7. shell-and-tube evaporator according to claim 6, wherein：The sealing plate is provided in the interior of sealing plate and shell The sealing of the first impermeable process fluid is formed between surface, and is formed between each of sealing plate and multiple internal baffles The sealing of second impermeable process fluid.

8. a kind of refrigerant allocation component of evaporator, the evaporator includes shell, and the shell has first end and the second end, institute Stating evaporator includes multiple pipes, and the multiple pipe passes through the first end and institute along the longitudinal direction limited by the length of the shell The shell between the second end is stated, the refrigerant allocation component includes：

Distributor box, the distributor box are configured to cover the refrigerant inlet of evaporator；

Multiple refrigerant distributors；

Wherein, be arranged on relative to the distributor box, the multiple refrigerant distributor on distributor box, positioned at the distribution The relative side of refrigerant inlet that case is covered；

The distributor box has longitudinal direction, and in a longitudinal direction, the multiple refrigerant distributor is relative to described point Laterally set with the refrigerant inlet that case is covered；

Each of the multiple refrigerant distributor includes dome-shaped part, and the dome-shaped part is arranged on columnar part and divides it On, wherein the dome-shaped part and stylolitic part are configured to have multiple holes.

9. refrigerant allocation component according to claim 8, wherein, the dome-shaped part includes non-porous end portion Point.

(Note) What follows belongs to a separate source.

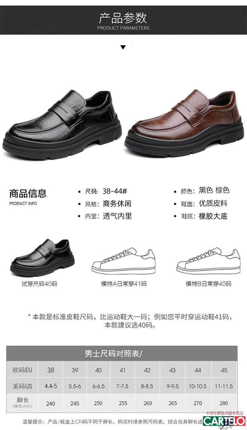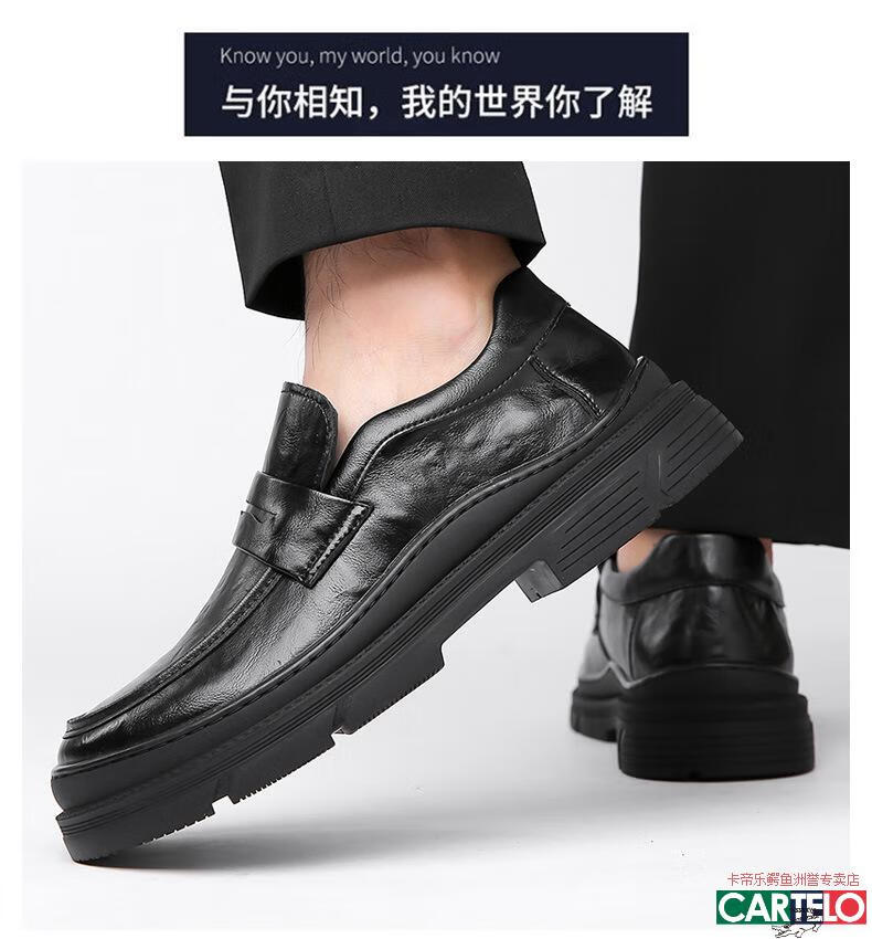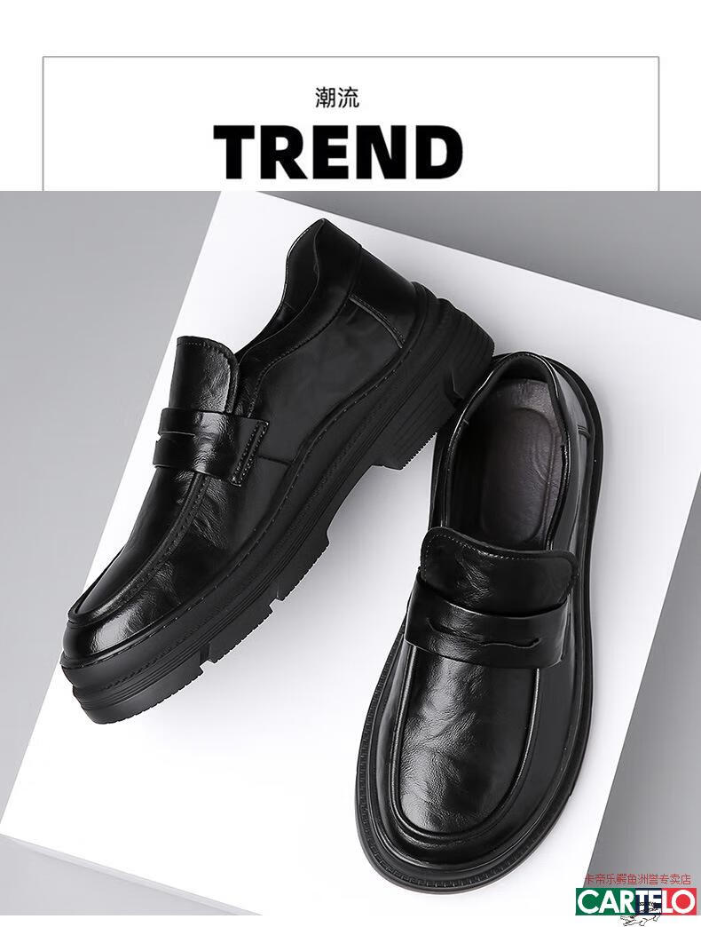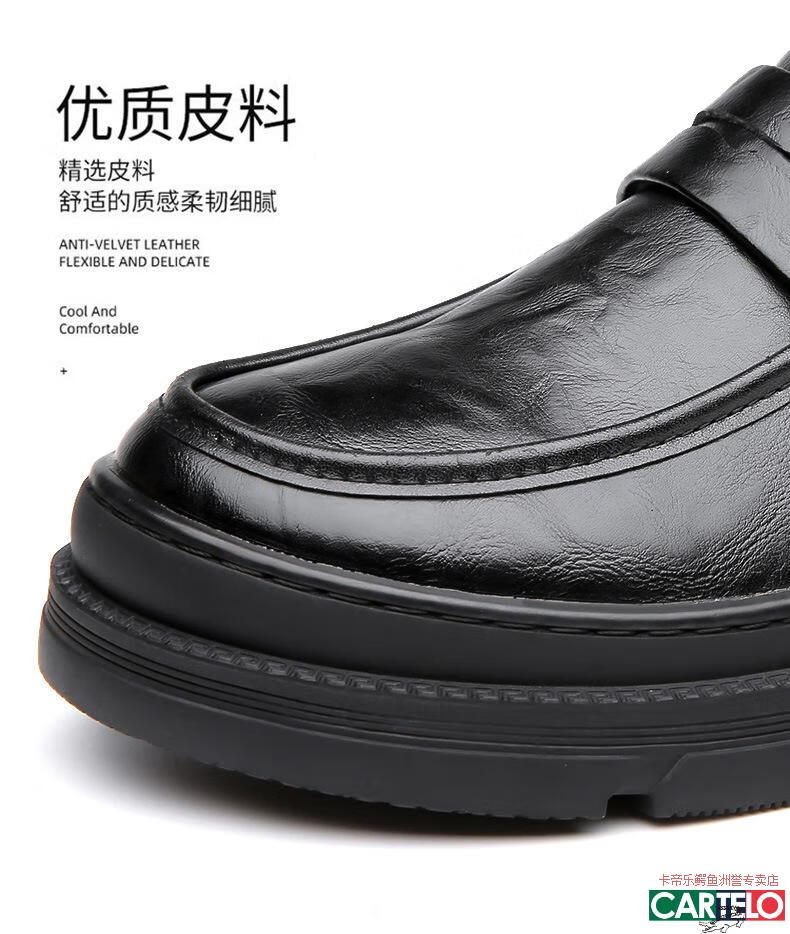 CARTELO laceless brown men's shoes spring 2025 new large-head business casual leather shoes full-color wide-head loafers GX9923 brown 42

10. a kind of refrigerant allocation component of evaporator, the evaporator includes shell, and the shell has first end and the second end, The evaporator includes multiple pipes, the multiple pipe along by the longitudinal direction that the length of the shell limits through the first end with The shell between second end, the refrigerant allocation component include：

Distributor box, the distributor box are configured to cover the refrigerant inlet of evaporator；

Multiple refrigerant distributors；

Wherein, be arranged on relative to the distributor box, the multiple refrigerant distributor on distributor box, positioned at the distribution The relative side of refrigerant inlet that case is covered；

The distributor box has longitudinal direction, and in a longitudinal direction, the multiple refrigerant distributor is relative to described point Laterally set with the refrigerant inlet that case is covered；

Wherein, each of the multiple refrigerant distributor includes stylolitic part and the flat-top of closure.